その後、脱羽しきれなかった産毛を藁を焚いた火にかけて燃やした。常に鶏の体を持っての作業だったが、包丁を入れるまで、鶏の体は温かかった。

その後各部位に捌いていき、よくスーパーで見るような鶏肉となった。捌く中で、手が血で染まった。全て終わる頃には2〜3時間が経過していた。

動物特有のきつい臭みはほとんどなかったのだが、自分の手は、鶏の臭いが残っていた。不思議なのは、その臭いを嗅いでも嫌な気分にならなかったこと。むしろ、ふとした時に、手に鼻をつけ、何かを抱きしめたくなるような自分がいた。今回頂いた命は、私の一部となって生きる。だから、私はこの与えられた自分の命を大切に、これからも生きていきたい。

誤解されるマタギ文化

この地域は狩猟文化が残る。最近はアニマルライツを訴えたり、ベジタリアンやビーガン文化が流行り、狩猟文化は批難の的になったりするらしい。

織山さんや知り合った狩猟免許を持つ方も、SNSで狩猟に関して批難の言葉をよくもらうと言う。批難する方の気持ちもわかるが、マタギ体験を通して、それは違うなと思った。

マタギは山に入る前にお祈りや儀式をする。もろびを焚き、その煙を身体にふり、人間のにおいを取るんだとか。また、山に入る前に、神様にお祈りをしてから入山する。

もちろん狩猟だから、動物の命を頂くわけだが、狩猟して良い動物は時期によって定められ、やたらめったら狩ることはできない。山の主たちの頭数管理をしながら、時には怪我している動物を癒しながら、山と向き合う。それがマタギなのだ。また、熊が里に降りてこないように、あえてマタギが山に入り、熊が人間との一定の距離を保てるように熊の訓練もするのだとか。

動物を獲えて、喜ぶのではなく、代わりに儀式をする。それも獲えたマタギだけで行わず、その地域の住人たちと全員で行うんだそうだ。それだけ、命を頂戴した動物たちに感謝を込めている証だ。人間にお葬式があるように、頂いた動物の魂を山に返す、マタギは山の動物たちに敬意を持って接していた。
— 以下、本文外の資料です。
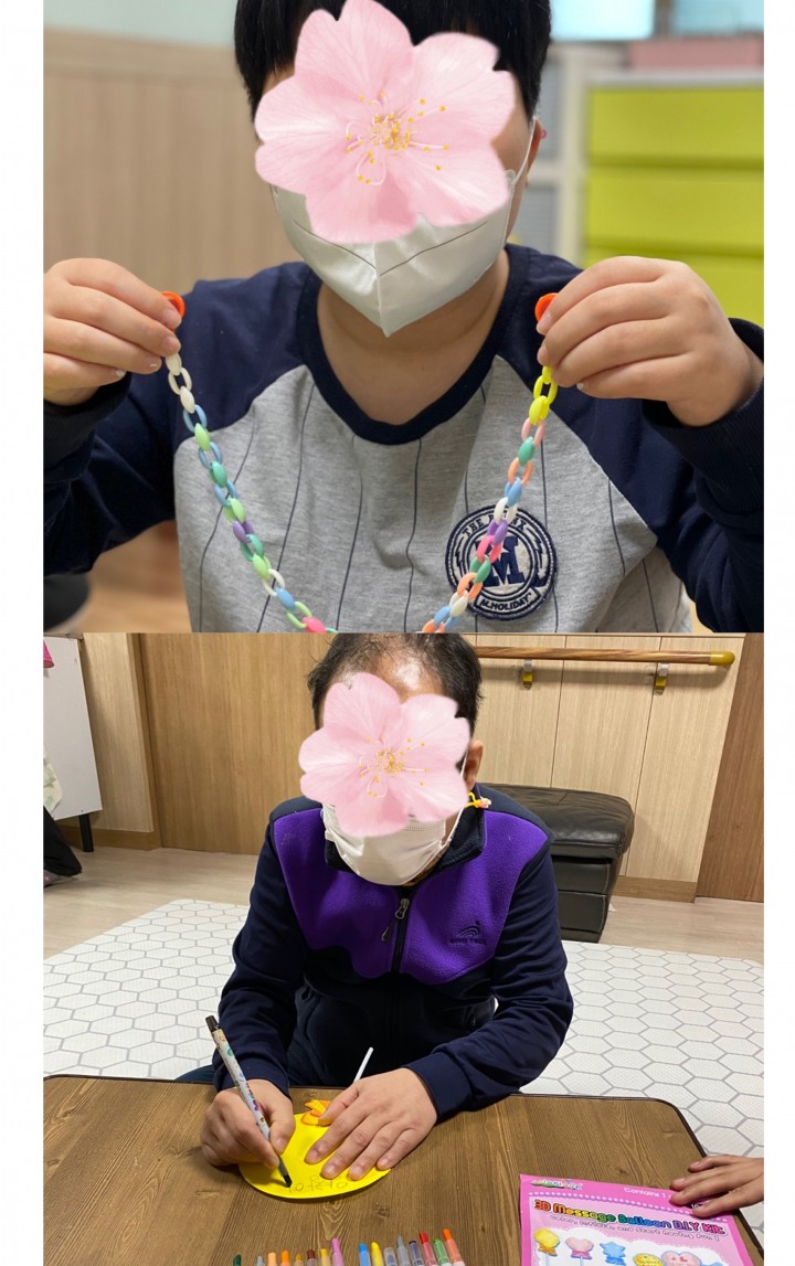 마스크 스트랩 만들기, 색칠 종이 풍선 만들기, 하나님 사랑을 주제로 한 꾸미기 활동 등 다양한 활동을 하며 직원도 이용자도 모두 하나가 되는 시간이었습니다.

動物の住処や命に関わる仕事だからか、一つ一つの所作や儀式がとても丁寧なのだ。

そんな人たちを批難することがどうしてできようか、そんな気持ちになった。

そんな風に、山の動物たちと里にいる人間が共存するこの集落で過ごすことで、まるで宮崎駿監督が描くジブリ映画の中にいるかのようだった。

このORIYAMAKEのオーナーの織山さんが、私の大好きなジブリ映画「もののけ姫」の主人公、アシタカに見えてたまらない。

どうかこれからも、
根森田集落と山の架け橋でいてください。